Author Hillel Halkin writes in The New York Sun (www.nysun.com) on Dec. 6 about a turbulent confirmation fight for the Israeli Supreme Court:
"George W. Bush is not the only politician having trouble these days in getting a Supreme Court nominee accepted. Israel's Minister of Justice Tsipi Livni is another.
"Of course, there are some major differences between Mr. Bush's and Ms. Livni's difficulties, starting with the nominee – in both cases, a woman – herself. Harriet Miers was, by all accounts, supremely underqualified to be a United States Supreme Court justice. Ruth Gavison, on the other hand, Justice Minister Livni's controversial candidate for a seat on Israel's High Court of Justice, would seem to be overqualified.
"Professor Gavison's views might be roughly classified as 'conservative,' although in the Israeli context that does not mean exactly what it does in the American one.
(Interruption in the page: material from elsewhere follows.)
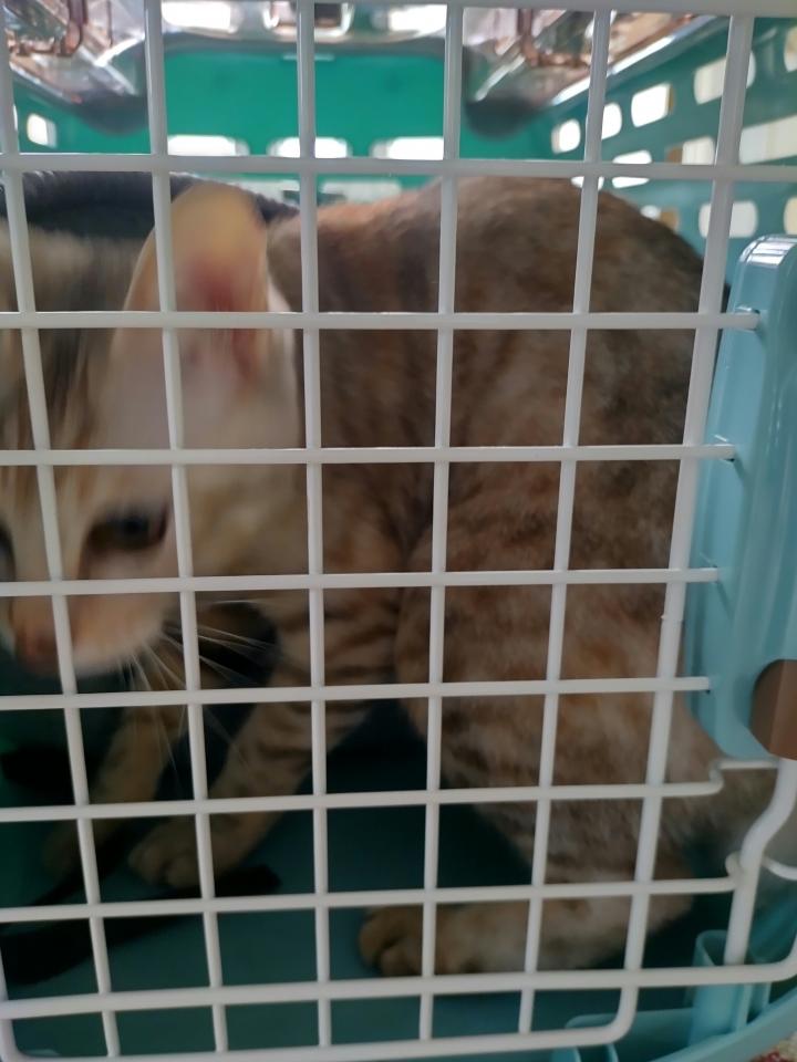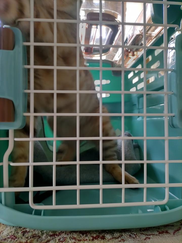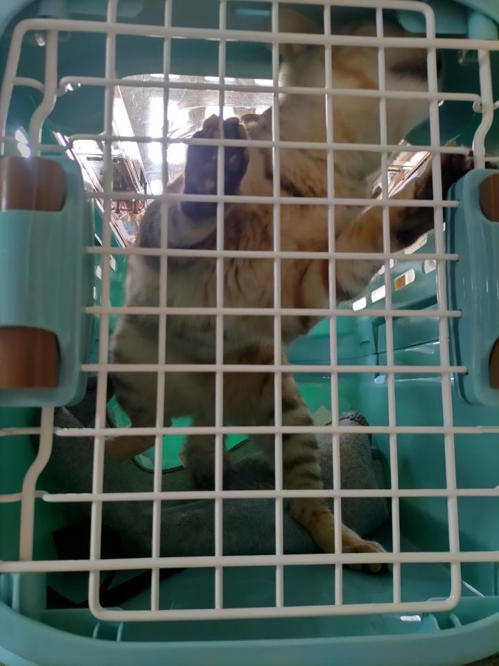 連れてきた日に初めてケージに入って車で外出し、今までのパパやママとお別れし、知らない人に連れて行かれ、病院に行ってチクチクされて、紬ちゃんにとって、ケージは怖いものなんですね。

Although she is not associated with the political right, she has consistently opposed the judicial activism of Israel's high court as manifested in the past two decades under the leadership of Chief Justice Aharon Barak. Barak … took a court that, until his long term at the head of it, sought to avoid hearing cases with highly political implications, and turned it into a body that now vies with Israel's Knesset in shaping social policy.
"Precisely the fact that Israel does not have a written constitution to set the boundaries between the executive, legislative and judicial branches of government encouraged the Barak court to intervene in areas, as disparate as the regulations for conversion to Judaism and the route of Israel's West Bank security fence – that would not traditionally have been considered its domain. This is a tendency that Gavison has been sharply critical of.
"Chief Justice Barak, a political liberal in outlook, has a say in nominations to his court that Supreme Court judges in the United States do not have, since in Israel high court nominees need to be approved not by the Knesset, but by a nine member committee that includes three high court justices. And Barak has made it clear that he intends to vote against Gavison's nomination and to persuade his fellow committee members to do the same because, as he has put it, she would be coming to the court with a preconceived 'agenda' that would preclude objectivity on her part.
"And yet clearly, what bothers the chief justice is not that Ruth Gavison has an 'agenda,' but that the agenda she has is opposed to his own.
"And yet as much as one may sympathize with her belief that the courts of Israel should not aspire to be 'the supreme moral arbiter of society,' there is more to be said for a policy of judicial activism in Israel than in the United States. The lack of a constitution is just one reason for this. Israel's politics are a second.
"The Knesset's usual way of dealing with matters like civil liberties, synagogue-state relations, citizenship and marriage laws is either to leave them to be determined by administrative fiat, or to do nothing at all until they are thrown into the laps of the courts.
"Judicial activism in such a situation is as much a question of practical necessity as of legal philosophy.
"Gavison should be on Israel's court. Her voice deserves to be heard there. But until electoral reform in Israel produces a different kind of legislative branch, the country will have to keep looking toward the judicial one."